At this revelation there was a stir of chatter in the room which prompted a brief diversion from the tale. I listened to Martin contend with the various theories that his audience then put forth, despatching each of them with ease: ‘No, my grandfather was still asleep’; ‘No, my brother’s voice had not yet broken.’ The manner in which our speakers typically deflected such theories was one of delight—there was a keen satisfaction to be drawn from baffling our tidy group with a well-constructed narrative puzzle. Martin, by contrast, conveyed himself with an air of resignation. I felt he desired nothing more than for one of our theories to be plausible; such an outcome would allow him to dismiss the facts of his story.

But it was not to be so.

“I shall continue,” he eventually declared. “As we left my story, I was cowering in the cupboard. Those footsteps were drawing in. A voice, which I attest to this day did not belong to my brother, was calling to me: ‘Come out, come out, wherever you are.’ There was malice in that voice. My brother may have been as capable of cruelty as any elder child was, but only in the pursuit of amusement. There was true evil in those words; an evil that I knew my brother did not possess. And yet, I kept insisting to myself, it could only be my brother outside.
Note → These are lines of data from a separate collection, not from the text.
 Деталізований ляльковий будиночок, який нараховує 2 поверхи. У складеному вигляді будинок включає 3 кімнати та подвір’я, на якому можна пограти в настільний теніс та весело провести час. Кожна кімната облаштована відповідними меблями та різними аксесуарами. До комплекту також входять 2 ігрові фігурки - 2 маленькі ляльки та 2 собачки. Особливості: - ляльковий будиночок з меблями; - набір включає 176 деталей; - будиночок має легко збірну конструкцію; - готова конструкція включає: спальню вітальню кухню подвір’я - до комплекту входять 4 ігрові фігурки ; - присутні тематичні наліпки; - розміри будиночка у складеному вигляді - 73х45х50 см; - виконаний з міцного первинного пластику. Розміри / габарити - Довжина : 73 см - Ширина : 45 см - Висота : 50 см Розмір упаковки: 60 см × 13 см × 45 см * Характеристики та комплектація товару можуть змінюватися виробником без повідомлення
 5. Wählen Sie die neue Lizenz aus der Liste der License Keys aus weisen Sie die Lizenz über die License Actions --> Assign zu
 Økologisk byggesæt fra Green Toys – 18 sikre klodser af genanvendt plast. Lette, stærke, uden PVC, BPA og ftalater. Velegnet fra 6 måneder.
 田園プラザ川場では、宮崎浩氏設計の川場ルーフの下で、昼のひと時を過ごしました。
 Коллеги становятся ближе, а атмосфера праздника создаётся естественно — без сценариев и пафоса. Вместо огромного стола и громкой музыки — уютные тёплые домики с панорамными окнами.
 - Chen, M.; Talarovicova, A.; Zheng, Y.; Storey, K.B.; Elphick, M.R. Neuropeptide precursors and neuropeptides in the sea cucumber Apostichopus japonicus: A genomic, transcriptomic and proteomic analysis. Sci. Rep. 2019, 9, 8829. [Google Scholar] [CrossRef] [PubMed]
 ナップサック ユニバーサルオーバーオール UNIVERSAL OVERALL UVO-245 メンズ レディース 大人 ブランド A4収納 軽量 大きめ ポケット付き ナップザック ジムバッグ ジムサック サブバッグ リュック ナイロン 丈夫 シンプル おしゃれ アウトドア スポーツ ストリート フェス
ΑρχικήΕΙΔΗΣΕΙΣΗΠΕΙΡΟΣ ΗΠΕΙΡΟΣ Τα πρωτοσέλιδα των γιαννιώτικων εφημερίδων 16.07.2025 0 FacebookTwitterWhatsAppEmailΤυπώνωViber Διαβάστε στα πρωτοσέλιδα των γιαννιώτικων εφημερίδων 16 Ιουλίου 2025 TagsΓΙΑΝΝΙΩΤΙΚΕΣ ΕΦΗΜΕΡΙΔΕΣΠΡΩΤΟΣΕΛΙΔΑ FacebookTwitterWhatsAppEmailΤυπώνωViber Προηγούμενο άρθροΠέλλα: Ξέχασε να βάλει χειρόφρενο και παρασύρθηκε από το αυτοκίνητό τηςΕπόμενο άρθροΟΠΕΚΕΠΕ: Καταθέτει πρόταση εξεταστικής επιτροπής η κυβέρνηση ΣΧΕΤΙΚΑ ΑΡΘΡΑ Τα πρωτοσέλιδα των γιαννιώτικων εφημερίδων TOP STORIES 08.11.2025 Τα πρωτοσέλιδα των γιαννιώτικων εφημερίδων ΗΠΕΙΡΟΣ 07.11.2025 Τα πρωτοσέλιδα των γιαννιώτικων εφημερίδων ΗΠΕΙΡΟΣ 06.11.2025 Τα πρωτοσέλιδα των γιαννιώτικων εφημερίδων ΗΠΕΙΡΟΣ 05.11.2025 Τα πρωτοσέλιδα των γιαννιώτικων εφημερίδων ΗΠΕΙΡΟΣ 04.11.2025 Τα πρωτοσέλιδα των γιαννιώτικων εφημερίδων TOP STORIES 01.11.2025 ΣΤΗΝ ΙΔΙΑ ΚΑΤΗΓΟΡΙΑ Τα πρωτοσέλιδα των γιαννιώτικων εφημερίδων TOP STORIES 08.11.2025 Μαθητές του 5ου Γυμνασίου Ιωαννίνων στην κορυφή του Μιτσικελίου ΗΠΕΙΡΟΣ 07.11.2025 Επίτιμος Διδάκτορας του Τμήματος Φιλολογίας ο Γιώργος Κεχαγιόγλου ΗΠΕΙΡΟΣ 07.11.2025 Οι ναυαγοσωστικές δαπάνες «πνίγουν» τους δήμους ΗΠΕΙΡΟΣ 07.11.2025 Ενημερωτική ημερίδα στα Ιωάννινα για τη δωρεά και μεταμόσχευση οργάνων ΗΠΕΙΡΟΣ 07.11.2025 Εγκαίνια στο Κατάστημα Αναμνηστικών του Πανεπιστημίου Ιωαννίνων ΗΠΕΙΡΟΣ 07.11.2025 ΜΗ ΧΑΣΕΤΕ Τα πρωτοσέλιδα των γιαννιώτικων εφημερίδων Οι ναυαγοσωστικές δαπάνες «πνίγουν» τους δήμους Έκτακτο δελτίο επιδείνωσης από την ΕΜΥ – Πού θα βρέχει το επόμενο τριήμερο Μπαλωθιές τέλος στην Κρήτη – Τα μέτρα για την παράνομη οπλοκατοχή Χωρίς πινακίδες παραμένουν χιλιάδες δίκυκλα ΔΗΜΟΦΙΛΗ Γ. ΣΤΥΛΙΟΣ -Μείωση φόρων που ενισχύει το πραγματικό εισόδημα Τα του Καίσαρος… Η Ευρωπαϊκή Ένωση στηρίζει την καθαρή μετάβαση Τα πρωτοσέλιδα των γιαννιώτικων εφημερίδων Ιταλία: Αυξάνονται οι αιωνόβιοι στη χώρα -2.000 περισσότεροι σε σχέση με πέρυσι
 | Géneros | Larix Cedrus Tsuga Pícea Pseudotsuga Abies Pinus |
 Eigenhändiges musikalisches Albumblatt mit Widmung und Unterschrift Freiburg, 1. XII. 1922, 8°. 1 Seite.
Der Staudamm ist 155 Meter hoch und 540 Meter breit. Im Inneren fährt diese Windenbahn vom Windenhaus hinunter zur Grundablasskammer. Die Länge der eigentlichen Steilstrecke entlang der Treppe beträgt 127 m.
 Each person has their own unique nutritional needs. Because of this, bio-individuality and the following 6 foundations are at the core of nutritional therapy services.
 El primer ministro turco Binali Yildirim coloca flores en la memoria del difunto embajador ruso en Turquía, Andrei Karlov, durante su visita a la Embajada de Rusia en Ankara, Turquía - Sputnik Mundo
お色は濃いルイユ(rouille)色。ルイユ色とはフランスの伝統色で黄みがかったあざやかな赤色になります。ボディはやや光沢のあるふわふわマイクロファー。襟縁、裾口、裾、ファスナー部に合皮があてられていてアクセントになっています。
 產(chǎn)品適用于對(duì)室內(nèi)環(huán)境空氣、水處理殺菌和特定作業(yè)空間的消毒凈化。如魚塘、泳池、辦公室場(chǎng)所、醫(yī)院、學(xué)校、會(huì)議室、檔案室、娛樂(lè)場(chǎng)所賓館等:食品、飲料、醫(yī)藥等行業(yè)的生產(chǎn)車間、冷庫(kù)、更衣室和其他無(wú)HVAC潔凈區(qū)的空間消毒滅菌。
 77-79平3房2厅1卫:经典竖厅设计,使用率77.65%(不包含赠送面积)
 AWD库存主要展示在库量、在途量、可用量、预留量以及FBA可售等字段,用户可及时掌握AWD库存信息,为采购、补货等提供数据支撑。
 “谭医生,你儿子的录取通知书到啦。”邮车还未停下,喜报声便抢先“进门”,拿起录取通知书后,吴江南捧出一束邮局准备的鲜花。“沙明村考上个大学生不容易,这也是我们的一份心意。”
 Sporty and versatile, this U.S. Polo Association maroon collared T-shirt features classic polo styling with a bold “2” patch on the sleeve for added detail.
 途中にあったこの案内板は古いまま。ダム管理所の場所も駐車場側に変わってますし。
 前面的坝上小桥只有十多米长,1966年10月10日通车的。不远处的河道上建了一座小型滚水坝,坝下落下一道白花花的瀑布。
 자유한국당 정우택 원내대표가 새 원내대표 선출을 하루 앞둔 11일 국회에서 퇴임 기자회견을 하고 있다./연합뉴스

“‘Come out, come out, wherever you are…’ I heard the voice say again.

‘The cupboard in which I was confined began to feel terrifically small. In my desperation to master our game I realised I had only succeeded in imprisoning myself. There were no avenues of escape. If I moved, I would be heard. If I opened the door, I would surely be seen. I was condemned to wait, my terror serving as my only companion. The fear of what approached me from beyond that door became all-consuming.

“Even to a young child the sense of approaching death is far from unfamiliar. So I tell you, as I hid in that cupboard, I was absolutely convinced that I was about to die. I believed, clearly and absolutely, that my life depended on that door remaining closed and guarding my concealment.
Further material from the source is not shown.